What are the health insurance rebate tiers?

The Australian Government applies an income test to determine if you are eligible for the rebate. These will be changed over time. Single parents and couples (including de facto couples) fall under the family thresholds.

In addition to the health insurance rebate, there's Medicare Levy Surcharge (MLS) exemption. The MLS is extra tax payable for not holding private health insurance, so MLS exemption is a tax offset for having private health insurance. This means people who choose to use the public health system, even if they can afford private health insurance, are paying more in taxes to help fund Medicare.

For example, a single person under the age of 65 with eligible income of $100,000 a year would be in the Tier 1 threshold. Their Private Health Insurance Rebate would be 16.943% and their Medicare Levy Surcharge would be 1%.

This means they can get a 16.943% discount on health insurance premiums as well as a 1% tax offset, for having suitable private health insurance.

The income thresholds below are locked in until 30 June 2021, while the rebate amount is adjusted every year based on inflation and the average cost of health insurance. The rebate levels shown below are applicable from 1 April 2018 to 31 March 2019.

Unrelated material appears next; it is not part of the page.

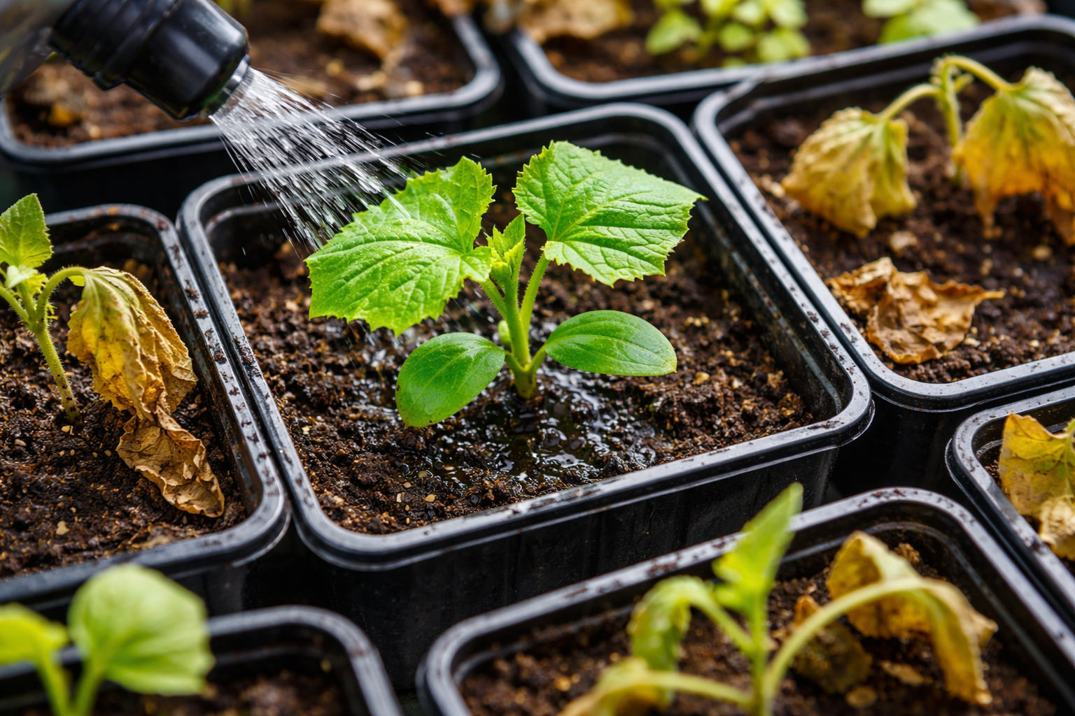 A megfelelő öntözés művészet, amely szigorú egyensúlyt igényel. Hőmérsékleti stressz ugyanolyan gyorsan elpusztítja a palántákat, mint a szárazság. A vizet mindig melegen kell tartani.

Income thresholdsAge groupRebate amount
Base tier - 0% Medicare Levy Surcharge

Singles. $90,000 or less
Families. $180,000 or less

  • 65 or younger
  • 65 to 69
  • 70 or older
  • 25.415%
  • 30.256%
  • 33.887%
Tier 1 rebate - 1% Medicare Levy Surcharge

Singles. $90,001 to $105,000
Families. $180,001 to $210,000

  • 65 or younger
  • 65 to 69
  • 70 or older
  • 16.943%
  • 21.180%
  • 25.415%
Tier 2 rebate - 1.25% Medicare Levy Surcharge

Singles. $105,001 to $140,000
Families. $210,001 to $280,000

  • 65 or younger
  • 65 to 69
  • 70 or older
  • 8.471%
  • 12.707%
  • 16.943%

What kinds of health insurance get the rebate?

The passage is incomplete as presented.